The incident has exposed how managers are able to find perfectly legal loopholes in the Ucits rules, that on paper only allow up to 10 per cent of assets to be held in less liquid securities — a bucket often known in the industry as the “trash ratio”.

While Mr Woodford’s stricken fund invested in equity not debt, the bond market had its own fund blow-up illustrating the dangers of a liquidity mismatch last year.

Switzerland’s GAM suspended the star manager of its SFr11bn Absolute Return Bond Funds in July last year, with little public explanation. Investors panicked, and began pulling money out of the manager's funds, before GAM gated the funds to prevent investor withdrawals. It then took the drastic decision to start liquidating the funds entirely, an outcome that stunned observers given this was a supposedly diversified fund in a comparatively benign market.

The full story involves trips on private jets with an Indian-born industrialist and an Australian financier closely linked to David Cameron, so we strongly recommend that you read the FT’s deep dive into the debacle if you haven’t already done so. But the short explanation of why GAM’s star investment strategy unravelled so suddenly: portfolio manager Tim Haywood had invested large amounts of the capital into highly illiquid bonds, while also letting investors in and out on a daily basis.

The really interesting thing, however, is GAM's insistence that Mr Haywood did not breach the funds’ rules by holding these investments.

Mr Haywood invested large sums in highly illiquid bonds structured by the firm Greensill Capital, which was set up by the divisive Australian financier Lex Greensill. Many of these were linked to the sprawling business empire of Indian steel magnate Sanjeev Gupta. Mr Haywood’s funds frequently owned the majority, if not all, of these debt issues.

The exposures were split up between several SPVs, however. Each on its own did not look particularly worrisome. But an FT analysis of GAM’s main Luxembourg-domiciled fund’s reported holdings showed that, a month before Haywood’s suspension, nearly 12 per cent of the fund was invested in Greensill-related paper for several different borrowers.

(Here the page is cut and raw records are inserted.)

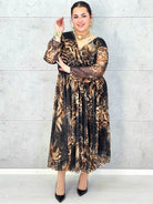 Sukienka plus size z motywem panterki – zmysłowy krój i kobiece wykończenie
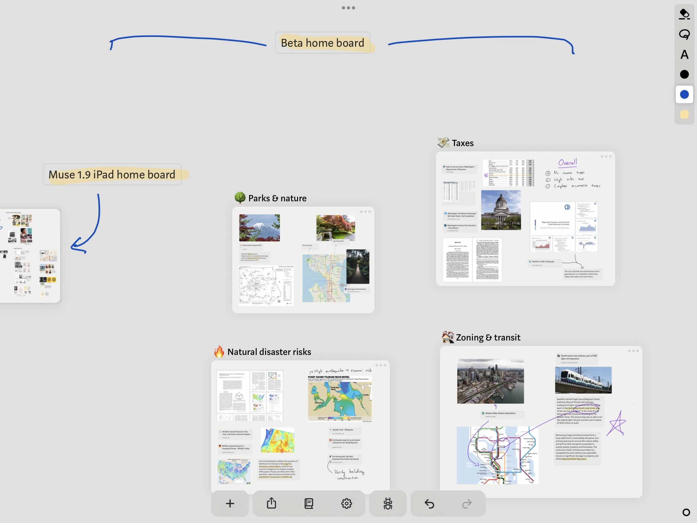 What this means is that, after enabling sync, Muse will also download whatever data you had in the beta. Your beta home board will become your home board, and your home board from Muse 1 will be placed in the inbox. Then you can manually merge the contents together in whatever arrangement you want.
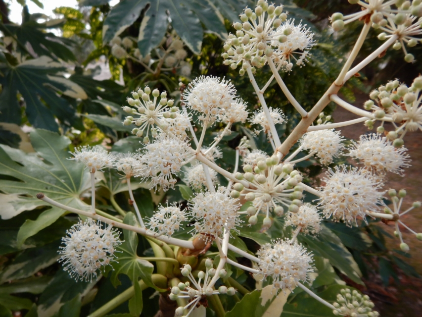 ⑪園路が突き当ったら右に曲がります。水の棚田周辺です。ヤツデの花が咲いています。

To anyone willing to trawl through GAM’s filings and dig into what these obscure SPVs were, the danger the bonds posed was clearly laid out. But it wasn’t until investors tried to withdraw their money that they discovered the problem. Or as one GAM investor told the FT in March:

The Gupta bonds themselves, however, were no secret; they had been listed in the funds’ semi-annual report for the end of 2017. “They’ve been hiding in plain sight,” says one investor.